Valohai logo
Blog / Git for Data Science: What every data scientist should know about Git
Git for Data Science: What every data scientist should know about Git

Git for Data Science: What every data scientist should know about Git

Juha Kiili

What is Git?

Git is a version control system designed to track changes in a source code over time.

When many people work on the same project without a version control system it's total chaos. Resolving the eventual conflicts becomes impossible as none has kept track of their changes and it becomes very hard to merge them into a single central truth. Git and higher-level services built on top of it (like Github) offer tools to overcome this problem.

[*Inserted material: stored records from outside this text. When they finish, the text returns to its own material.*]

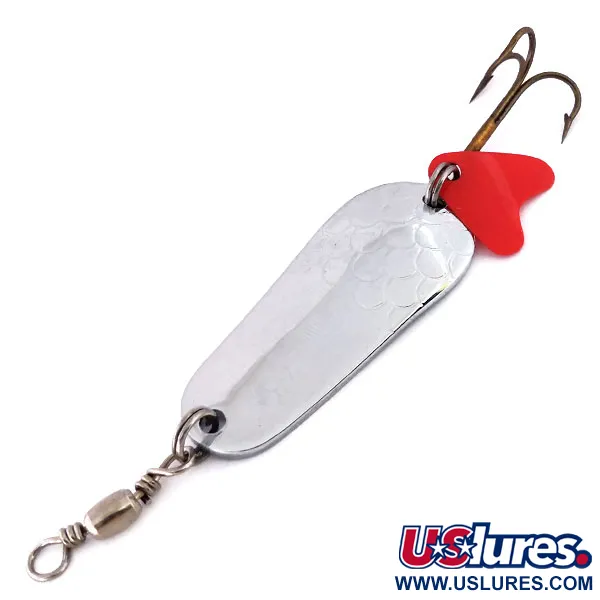 En klassisk hamrad nickelfinish definierar framsidan på detta skeddrag från mitten av århundradet, utformat för att reflektera ljus i brutna mönster under ytan. Betet väger 16g (3/5oz) och mäter 4,7cm (1 3/4"), med en karakteristisk droppformad profil stämplad med det ikoniska "Shakespeare"-namnet på den släta baksidan. Tillverkad av William Shakespeare Co. i Kalamazoo, Michigan (produktkod 10213), representerar detta drag arvet från företaget som grundades av fiskvisionären William Shakespeare 1897. Exemplaret är i 5/5-skick, med en strålande metallisk lyster och ren hårdvara. För extra visuell kontrast är ett lysande rött hjärtformat lockblänke i plast fäst vid den bakre fjäderringen tillsammans med en vass bronserad trekrok. Ett kraftigt lekande är fabriksmonterat i nosen, vilket gör betet redo att fästas direkt på en stål- eller monofilament-tafs.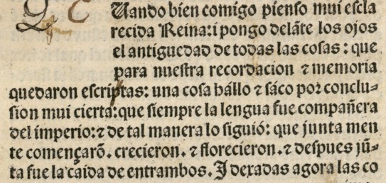 Cuando bien comigo pienso mui esclarecida Reina: y pongo delante los ojos el antigüedad de todas las cosas: que para nuestra recordación e memoria quedaron escriptas: una cosa hallo y saco por conclusión mui cierta: que siempre la lengua fue compañera del imperio: y de tal manera lo siguió: que junta mente començaron. crecieron. y florecieron. y después junta fue la caída de entrambos.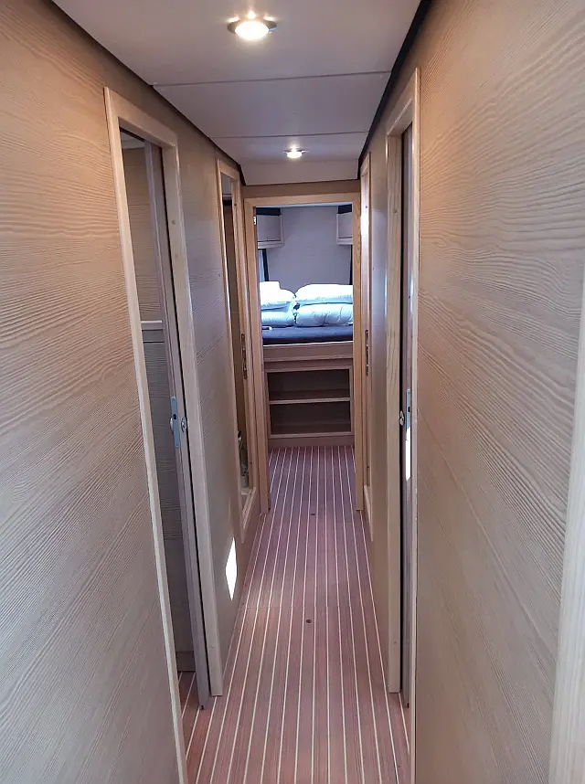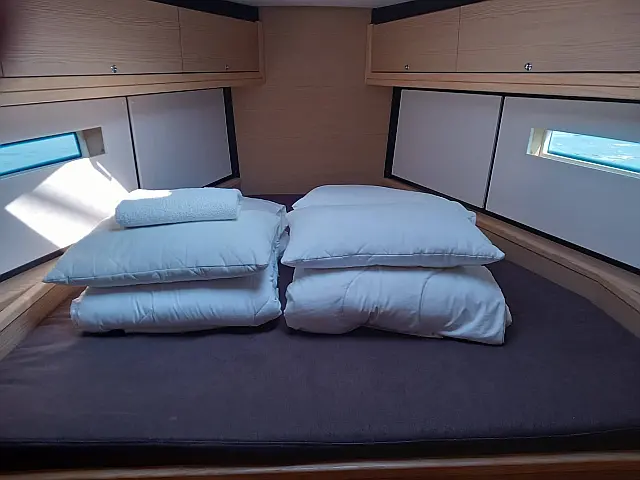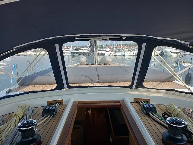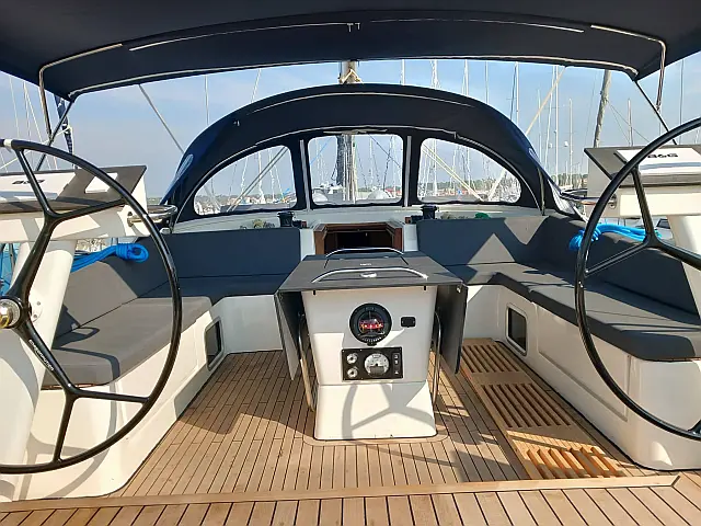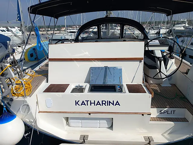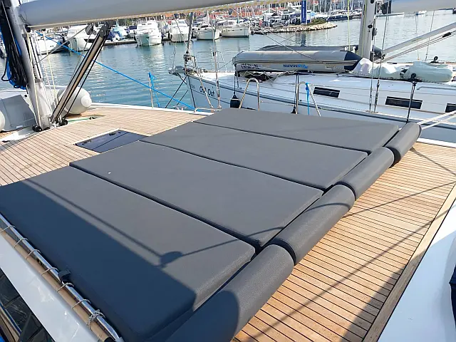 Teak deck , Cockpit speakers , Teak Cockpit , Air condition , Refrigerator , Generator , Cockpit cushions , Barbecue grill in cockpit , Outboard engine , Dinghy

Usually, there is a single central repository (called "origin" or "remote") which the individual users will clone to their local machine (called "local" or "clone"). Once the users have saved meaningful work (called "commits"), they will send it back ("push" and "merge") to the central repository.

What is the difference between Git & GitHub?

Git is the underlying technology and its command-line client (CLI) for tracking and merging changes in a source code.

GitHub is a web platform built on top of git technology to make it easier. It also offers additional features like user management, pull requests, automation. Other alternatives are for example GitLab and Sourcetree.

Terminology

  • Repository - "Database" of all the branches and commits of a single project

  • Branch - Alternative state or line of development for a repository.

  • Merge - Merging two (or more) branches into a single branch, single truth.

  • Clone - Creating a local copy of the remote repository.

  • Origin - Common alias for the remote repository which the local clone was created from

  • Main / Master - Common name for the root branch, which is the central source of truth.

  • Stage - Choosing which files will be part of the new commit

  • Commit - A saved snapshot of staged changes made to the file(s) in the repository.

  • HEAD - Shorthand for the current commit your local repository is currently on.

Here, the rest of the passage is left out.